El Al heeft meer privileges
Van onze verslaggevers - AMSTERDAM, vrijdag
Luchtvaartmaatschappij El Al heeft meer privileges op
Schiphol dan tot nu toe werd aangenomen. Het cabinepersoneel van de
Israëlische luchtvaartmaatschappij wordt op Schiphol niet door de
douane gecontroleerd. Hetzelfde zou gelden voor de vrachtauto's die
voor El Al door Europa reizen.
De voorkeurspositie van El Al wordt inmiddels door de
ministeries van Defensie, Verkeer en Waterstaat en Buitenlandse Zaken
onderzocht. Het bemanningenvervoer van de KLM werkt in opdracht van een
groot aantal luchtvaartmaatschappijen. Volgens KLM'er Vonk, veertien
jaar lang dienstleider van deze afdeling voordat hij in 1995 met de vut
ging, is de procedure met betrekking tot El Al steeds hetzelfde.
Geen controle
"Bij aankomst van een El Al-kist komen wij met
een busje voorrijden en wordt de bemanning rechtstreeks naar het hotel
vervoerd. Bij de slagboom op Schiphol worden we zonder enige vorm van
controle doorgelaten. En dat terwijl personeel van andere
vliegtuigmaatschappijen altijd wordt gecontroleerd", aldus Vonk.

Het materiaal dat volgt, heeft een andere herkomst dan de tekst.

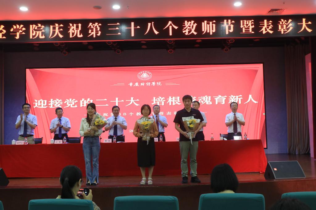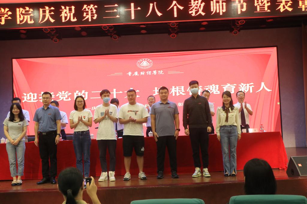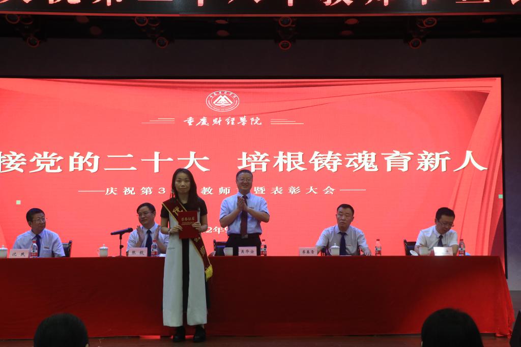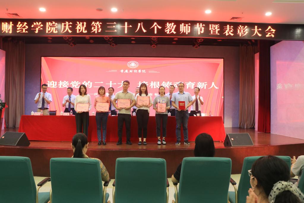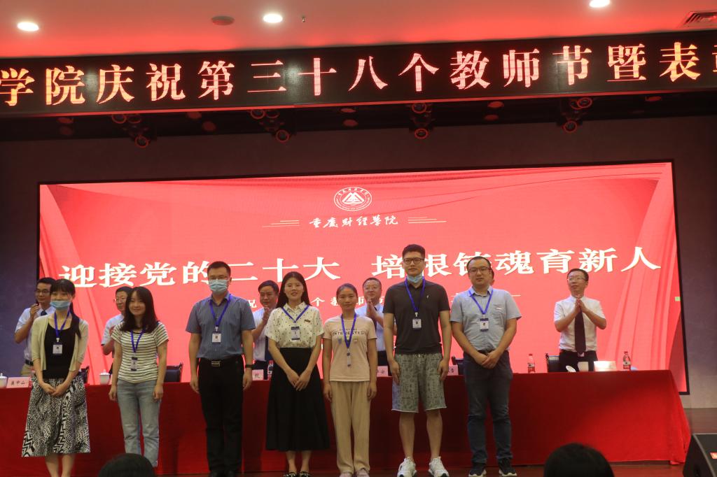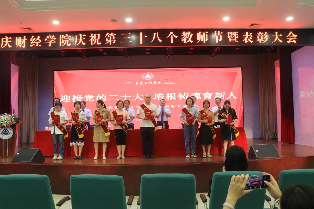 随后,校领导为受表彰教职工代表分别颁发“重庆市优秀辅导员”、“重庆市教书育人楷模”、校龄满10年的“忠诚员工”、“优秀员工”、“优秀教育工作者”等多项荣誉,同时还表彰了第一届“课程教学思政大赛”获奖教师、“标兵辅导员”、“优秀辅导员”以及“优秀教研室”和“优秀教研室主任”,并向广大教师为学校各项事业发展做出的重要贡献表示衷心感谢。

Bij onrust in het Midden-Oosten komt het volgens Vonk
regelmatig voor dat het personeelsbusje door gewapende
Israëliërs wordt geëscorteerd. "Zit er dus een
Israëlische veiligheidsman met een wapen in de aanslag op de
achterbank", zegt Vonk, die zich aan de situatie ergerde omdat de
Nederlandse politie zich niet liet zien.
Ook de wagens die de El Al-vracht van en naar de
vliegvelden brengen, blijken ongecontroleerd door Europa te rijden.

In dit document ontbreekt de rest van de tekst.